The rule of thumb: if a closure is stored as a property and captures self, use [weak self].
6. @Observable and actors: The tension
@Observable and actor can coexist syntactically, but they are in tension by design.
@Observable
actor CounterActor {
var count = 0
func increment() { count += 1 }
}
The problem is that @Observable synthesizes observation registrar hooks such as _$observationRegistrar.access(...) and mutation tracking that need to be coordinated with main-actor-driven UI observation, while an actor's properties must be accessed on that actor's executor.
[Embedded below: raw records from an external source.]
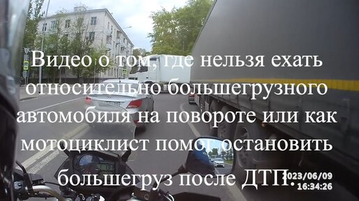 Видео о том, где нельзя ехать относительно большегрузного автомобиля на повороте или как мотоциклист помог остановить большегруз после ДТП.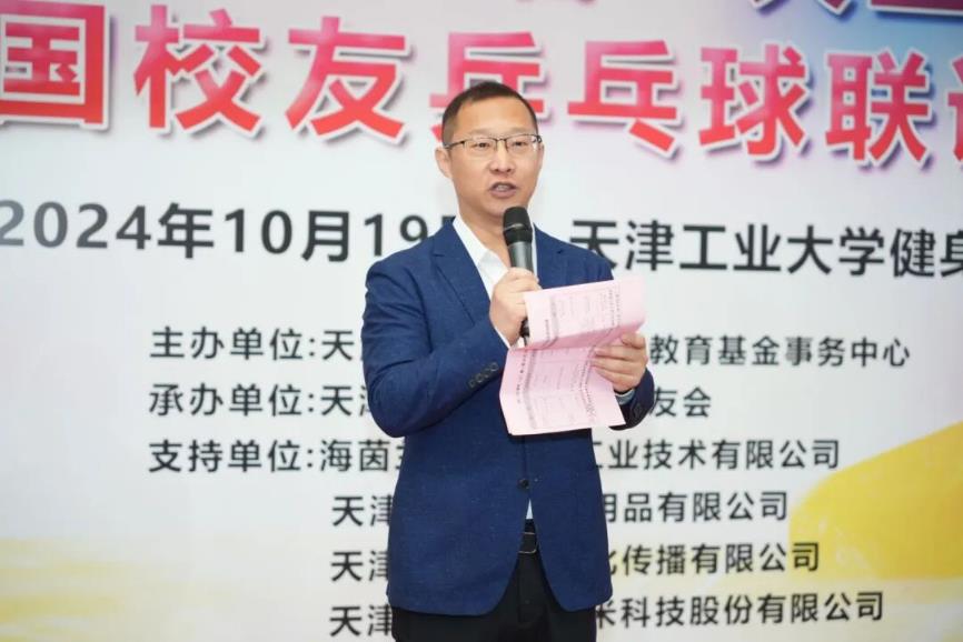 2024年10月19日,我校第二届“天工缘”杯全国校友乒乓球联谊赛在学校旭日风雨馆成功举办。副校长沈浩鹏出席开幕式并致辞,校友与教育基金事务中心、体育工作部等相关职能部门和学院主要负责同志参加活动。本届赛事由天津校友会承办,共有来自全国多地的12支校友队伍参加了混合团体赛。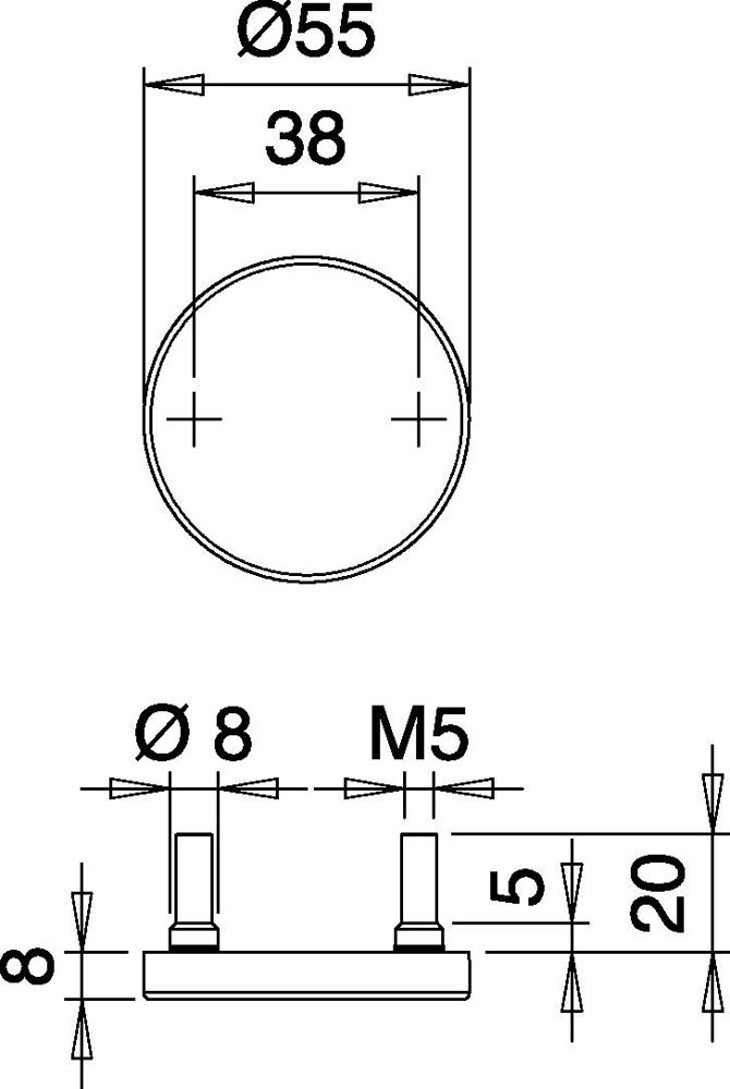rund · auf Stahlunterkonstruktion · aus Edelstahl · Rosetten-Ø 55 mm · Rosettenstärke 8 mm · Nockenabstand 38 mm · unsichtbare Verschraubung · für Türstärke 40-65 mm · WC für Türstärke 40-48 mm

The mismatch produces compiler warnings about non-Sendable types crossing actor boundaries.
The practical solutions
1. Use @MainActor instead
Most common for UI.
@Observable
@MainActor
class CounterModel {
var count = 0
func increment() { count += 1 }
}
This gives you observation plus main-thread safety, which is almost always what you want for SwiftUI state.
2. Separate the actor from the observable model
Usually the cleanest architecture.
actor DataService {
func fetchCount() async -> Int { ... }
}
@Observable
@MainActor
class ViewModel {
var count = 0
private let service = DataService()
func load() async {
count = await service.fetchCount()
}
}
The actor handles concurrency and isolation for background work. The @Observable @MainActor class handles UI observation. Each does one thing.
The mental model: use actor for work that genuinely needs background isolation or serialized access to shared state. Use @Observable @MainActor class for anything that drives SwiftUI views. Bridge between them with await.